Solutions Implemented

  • Tigr Interactive Patient Engagement
    Solution with StaffConnect
    • With video-on-demand & 16-Tigr channels
  • LG Healthcare Grade HD Televisions
  • Customer Success Management
  • Avidex 360° Service
  • Custom-produced video content


image from UNC School of medicine

The Challenge

With the arrival of the COVID-19 pandemic in the spring of 2020, UNC Hospitals responded swiftly with protective measures. Visitor restrictions were enacted to limit the volume and frequency of guests in inpatient rooms. Patient care protocols were modified to preserve PPE, which in turn limited staff interaction at the bedside to essential care.

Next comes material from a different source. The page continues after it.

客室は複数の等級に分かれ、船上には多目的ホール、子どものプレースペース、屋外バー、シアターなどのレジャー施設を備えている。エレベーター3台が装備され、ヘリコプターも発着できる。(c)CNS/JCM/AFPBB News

While these operational changes were necessary for the safety of patients and staff, they were not without challenges – particularly for the patient experience.

“COVID-19 has introduced new stressors for patients,” says Tracy Carroll, Director of Inpatient Heart and Vascular Services and Liaison for the Patient Education Committee. “Normally, there are more people in and out of hospital rooms. Now staff enter less frequently, and are in full PPE for COVID patients. They can’t see our faces, which can make for an unsettling visual – especially for those who are confused or anxious.”

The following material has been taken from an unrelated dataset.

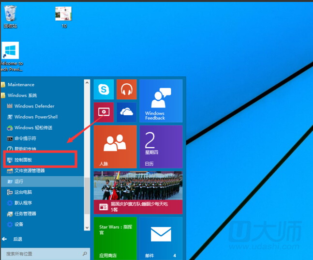 1.点击“windows图标”,然后在所有应用找到“控制面板”:

Jodie Skoff, Volunteer Coordinator, emphasizes the effect of visitor restrictions. “When the pandemic began, we limited patients to one guest in the room at all times – which in turn limited a major source of distraction, entertainment, and comfort. It was a big change for patients.” Recent research on visitor restrictions enacted due to COVID echoes Ms. Skoff’s observations. In one study on COVID visitor restrictions, 84.5% of hospitalized surgical patients who had visitors reported that their visitors provided psychosocial support, whereas lack of psychosocial support from visitors was commonly cited by patients in the no-visitor cohort (50.8%).1 The majority of patients surveyed in the same study expressed feelings of loneliness and isolation due to a lack of visitors, highlighting the need for different strategies to meet patients’ psychosocial needs. At UNC Hospitals, Ms. Carroll, Ms. Skoff, and several of their colleagues took the challenge to task, identifying opportunities to leverage a resource that was already available in inpatient rooms – the television.


The Solution

A qualitative study in the Health Environments Research & Design Journal ranked television as the #1 source for positive distraction during hospitalization, with 78% of patients surveyed reporting it as their top choice for distraction.2 As the most watched space in the hospital room, TV was a logical tool for improving the patient experience at UNC Hospitals.

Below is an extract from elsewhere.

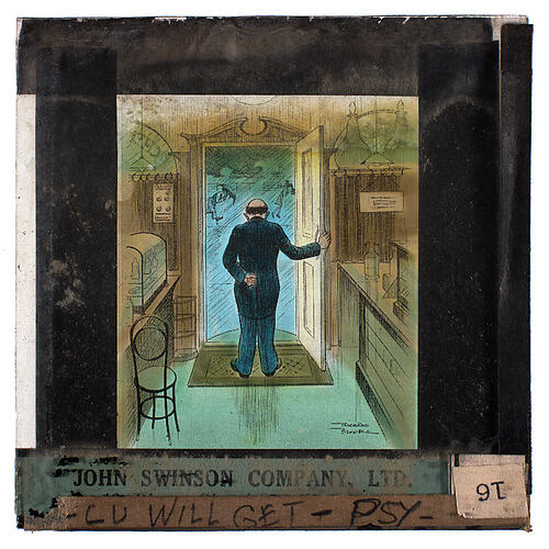 Text, on slide: JOHN SWINSON COMPANY, LTD. Text on attached label: '16' Text handwritten on attached label: '?LU WILL GET - PSY -.

“TV helps with distraction by providing entertainment,” says Ms. Skoff. “Unfortunately, a lot of that entertainment is not helpful for a person in the hospital. If a patient falls asleep watching a crime drama, then wakes up disoriented, the last thing they might remember is the disturbing image of someone pointing a gun. What you watch becomes your reality. We wanted to offer more positive options; more things to watch that would bring joy.”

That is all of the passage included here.